## Your objective
Give the lines again exactly as they appear below, from the line with "郎朗、波切利、宋祖英、周杰倫(左起)接受觀眾的熱烈掌聲" to the line with "На рисунке 3", both included, and only those lines. Leave every picture out.

## The records
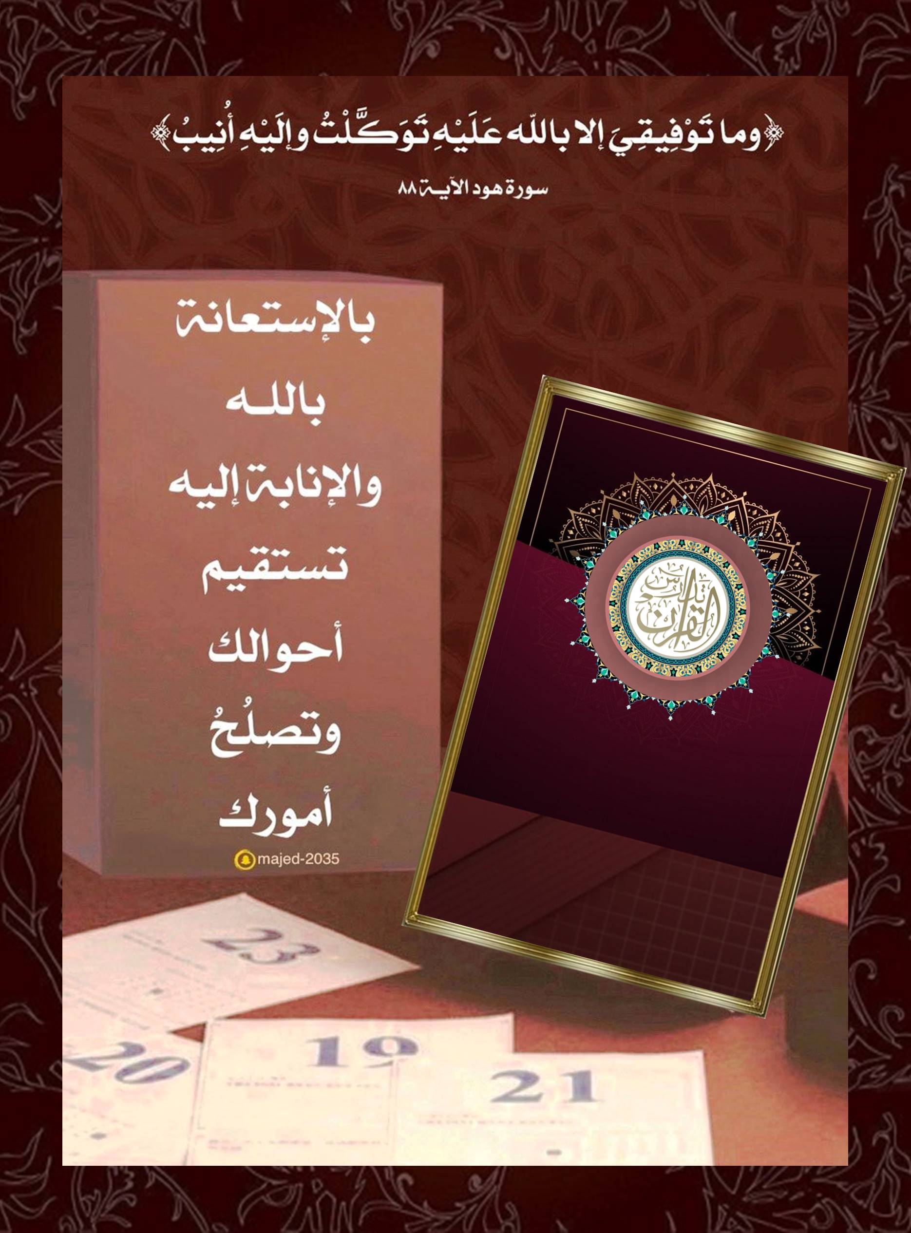 ﴿وما تَوْفِيقِيَ إلّا بالله عَلَيْهِ تَوَكَّلْتُ وإلَيْهِ أُنِيبُ﴾:
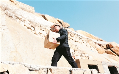不过,补给物资要搬运到海拔70多米的千里岩海洋站综合楼,仍然要靠人力。路是贴着海岛石壁修建的300多级台阶,呈“之”字形。数百斤的物资,要来回搬运十几趟。记者“爬”完台阶,来到千里岩海洋站时,已气喘吁吁、两腿发软。而这条路守岛观测员们每天要走五六趟,早已习以为常。
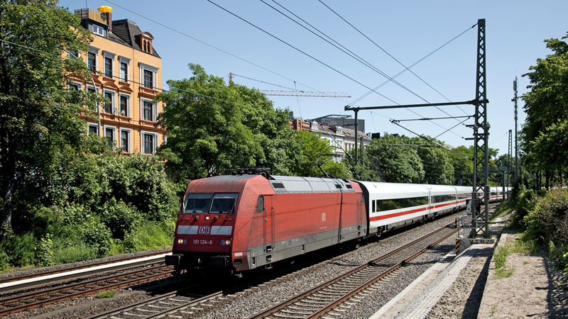 | Der ICE-Ersatzzug als ICE 1106 mit 101 124-6 und MET-Wagen und am Ende 101 131-1. Hamburg-Sternschanze, 27. Juni 2010 |
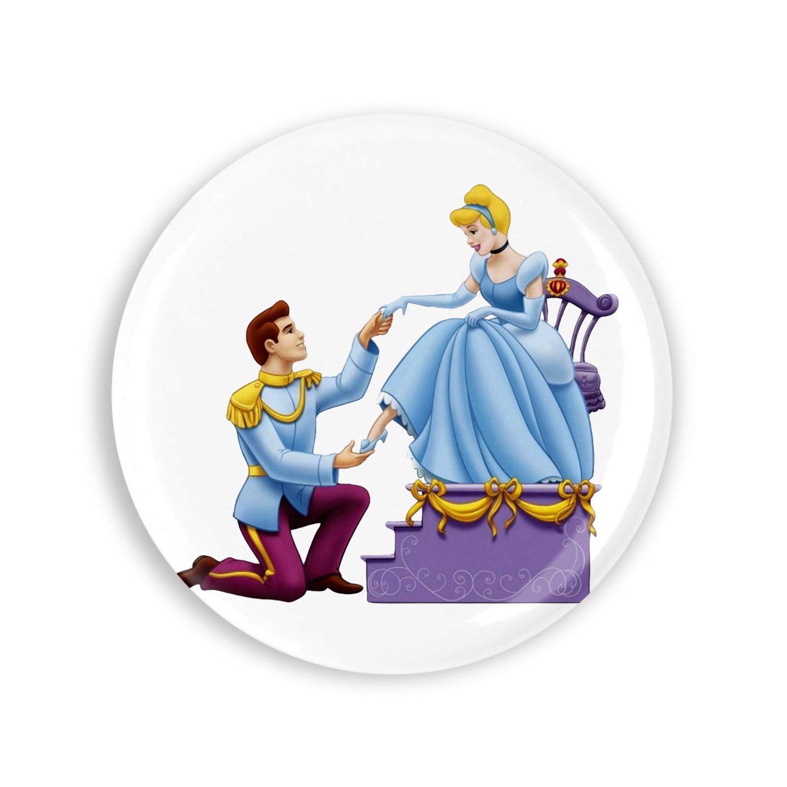 Set 4 insigne, Cenusareasa si printul frumos incearca pantoful, NO9615, Metal, 44 mm, Multicolor
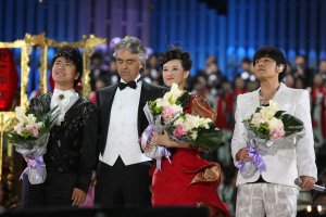 郎朗、波切利、宋祖英、周杰倫(左起)接受觀眾的熱烈掌聲
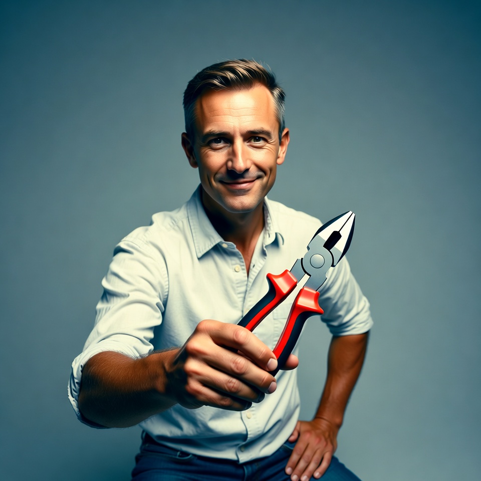 A middle-aged White man with short graying hair smiles confidently while holding a pair of red-handled pliers in his right hand. He wears a light blue button-up shirt and dark jeans, posed against a plain gray background. His left hand rests on his knee in a casual seated position.
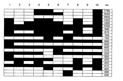 На рисунке 3 показано присутствие амплифицированных фрагментов ДНК с указанием их размеров, а в таблице 1 – матрица состояний бинарного признака наличия/отсутствия (1/0) полос с одинаковой электрофоретической подвижнос-тью в RAPD – спектрах изученных растений. Минорные полосы слабо выявля-ющиеся на электрофореграммах рассматривались как отсутствующие, и им приписывалось значение 0.
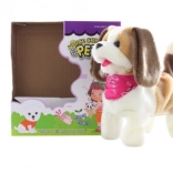 Roztomilý interaktivní pejsek se šátkem reaguje na potlesk – po tlesknutí se rozeběhne a začne štěkat, po chvíli se sám zastaví. Ideální hračka pro děti od 3 let, která podporuje zábavu i rozvoj smyslů.

## Task solution
 郎朗、波切利、宋祖英、周杰倫(左起)接受觀眾的熱烈掌聲
 A middle-aged White man with short graying hair smiles confidently while holding a pair of red-handled pliers in his right hand. He wears a light blue button-up shirt and dark jeans, posed against a plain gray background. His left hand rests on his knee in a casual seated position.
 На рисунке 3 показано присутствие амплифицированных фрагментов ДНК с указанием их размеров, а в таблице 1 – матрица состояний бинарного признака наличия/отсутствия (1/0) полос с одинаковой электрофоретической подвижнос-тью в RAPD – спектрах изученных растений. Минорные полосы слабо выявля-ющиеся на электрофореграммах рассматривались как отсутствующие, и им приписывалось значение 0.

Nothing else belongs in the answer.